Media Contact: Todd McLeish, 401-874-7892

URI faculty among international team of scientists

NARRAGANSETT, R.I. – March 11, 2013 -- The Deep Carbon Observatory, a decade-long $500 million research project to discover the quantity, movement, origin, and forms of carbon deep inside the Earth, has released a landmark 700-page book, Carbon in Earth, which outlines questions that will guide the program through 2019 and beyond.

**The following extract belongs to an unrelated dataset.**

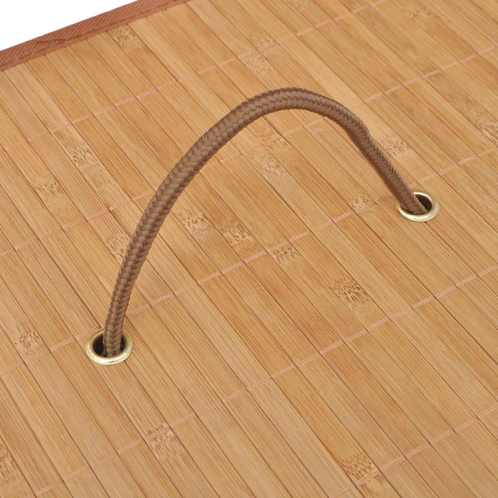 Our bamboo laundry bin is an ideal solution for any household. It keeps your dirty laundry out of sight and makes a decorative addition to your decor at the same time. The inside liner is made of a woven polyester fabric, which does not absorb moisture or odours. It is also removable so you can conveniently transport your laundry to the machine. The basket is equipped with handles so it can be easily moved around. This bamboo laundry hamper can be dismantled and folded up when not in use. This multifunctional hamper can also be used for storing children’s toys.

The research program, which includes URI scientists Steven D’Hondt, Katherine Kelley and Dawn Cardace, is investigating the movement of deep carbon in the slow convection of the mantle, the percolating fluids of the crust, and the violent emissions from volcanoes. It is searching for the ancient origin of deep carbon and the formation and transformation of its many forms, ranging from gas and oil to diamonds and deep microbes.

The Deep Carbon Observatory is also making a significant commitment to an international engagement and communications effort, led by Sara Hickox and Sunshine Menezes at URI’s Office of Marine Programs and funded through a grant to the Graduate School of Oceanography from the Alfred P. Sloan Foundation.

The new book, details of the Observatory program, and a new website (www.deepcarbon.net) were announced on March 4 at the U.S. National Academy of Sciences in Washington, D.C.

Ninety percent or more of Earth’s carbon is thought to be locked away or in motion deep underground—a hidden dimension of the planet as poorly understood as it is profoundly important to life on the surface, according to scientists.

D’Hondt, a URI professor of oceanography, co-authored a chapter in the new book and is a member of the Observatory’s Deep Life Directorate, which is discovering and describing the microbes and viruses that live in the deep ocean and beneath the ocean floor and how they interact with deep carbon cycles.

The variety of bacterial life at extreme high-pressure depths worldwide constitutes a subterranean “Galapagos,” he said, adding that such subsurface life comprises a large portion of Earth’s total biomass. DNA has unearthed a marvel of diversity among deep single-celled microorganisms. And deep fungi, organisms with complex cell structures in the marine subsurface, have been a scientific surprise.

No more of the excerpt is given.